> **Input records**:
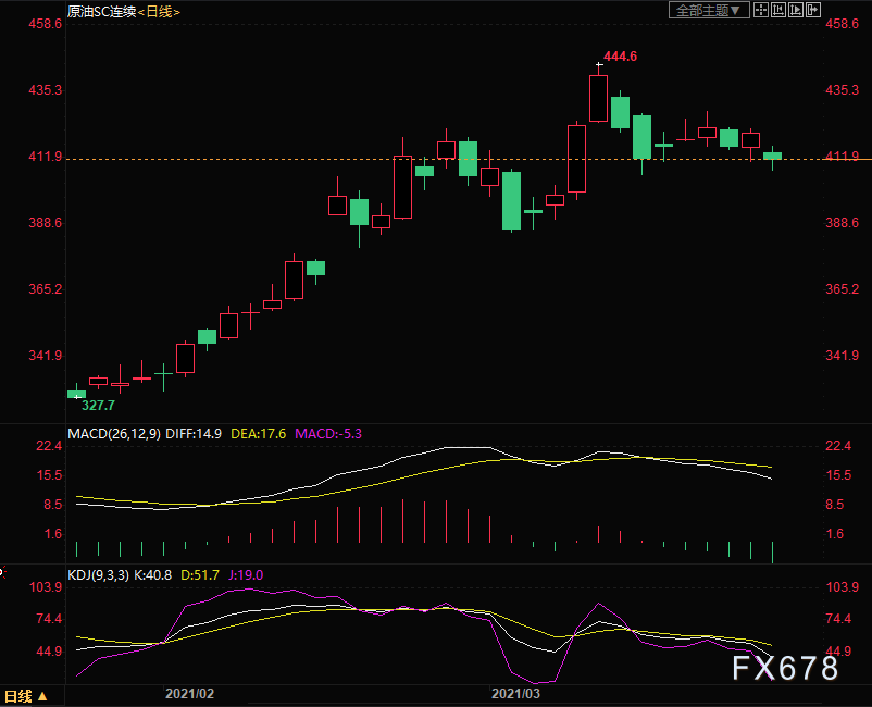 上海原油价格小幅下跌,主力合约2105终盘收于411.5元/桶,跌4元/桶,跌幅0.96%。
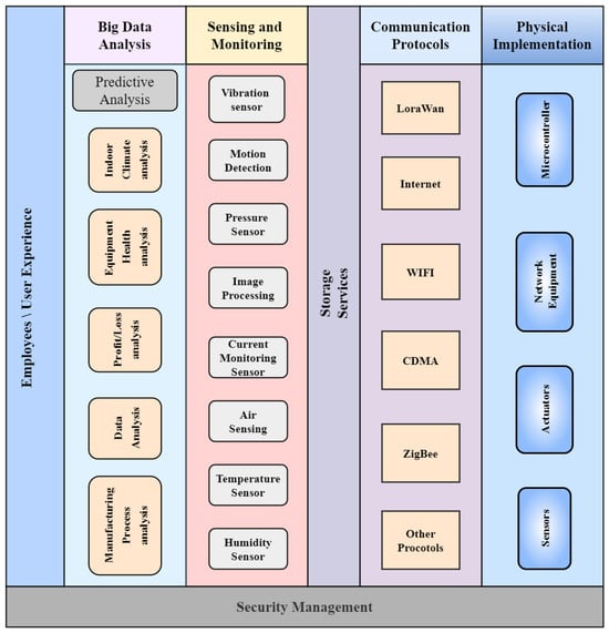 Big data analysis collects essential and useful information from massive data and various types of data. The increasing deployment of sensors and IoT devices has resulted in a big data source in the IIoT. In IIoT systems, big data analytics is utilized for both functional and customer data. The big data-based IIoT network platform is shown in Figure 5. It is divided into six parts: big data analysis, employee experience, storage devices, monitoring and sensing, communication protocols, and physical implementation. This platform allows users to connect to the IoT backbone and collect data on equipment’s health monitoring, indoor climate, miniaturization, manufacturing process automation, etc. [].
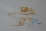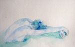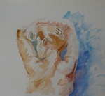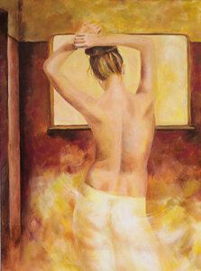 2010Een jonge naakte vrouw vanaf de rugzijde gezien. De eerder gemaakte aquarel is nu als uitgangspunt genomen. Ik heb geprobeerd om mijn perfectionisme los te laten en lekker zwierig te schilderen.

--

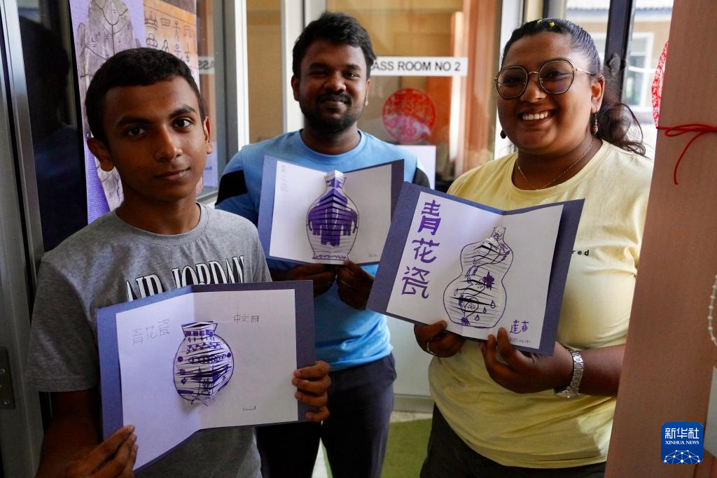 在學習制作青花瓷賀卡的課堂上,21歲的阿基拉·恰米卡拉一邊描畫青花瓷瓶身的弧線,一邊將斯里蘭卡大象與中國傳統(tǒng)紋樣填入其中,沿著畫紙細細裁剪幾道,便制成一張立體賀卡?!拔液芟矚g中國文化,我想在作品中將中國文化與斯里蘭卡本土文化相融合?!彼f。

---

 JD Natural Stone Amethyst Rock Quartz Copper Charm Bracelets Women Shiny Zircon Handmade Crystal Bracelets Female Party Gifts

> **Task objective**: Above, find the line with "Big data analysis collects"; copy it and every line down to the line with "2010Een jonge naakte", exactly and both included, but no pictures.

> **Exercise answer**:
 Big data analysis collects essential and useful information from massive data and various types of data. The increasing deployment of sensors and IoT devices has resulted in a big data source in the IIoT. In IIoT systems, big data analytics is utilized for both functional and customer data. The big data-based IIoT network platform is shown in Figure 5. It is divided into six parts: big data analysis, employee experience, storage devices, monitoring and sensing, communication protocols, and physical implementation. This platform allows users to connect to the IoT backbone and collect data on equipment’s health monitoring, indoor climate, miniaturization, manufacturing process automation, etc. [].
 2010Een jonge naakte vrouw vanaf de rugzijde gezien. De eerder gemaakte aquarel is nu als uitgangspunt genomen. Ik heb geprobeerd om mijn perfectionisme los te laten en lekker zwierig te schilderen.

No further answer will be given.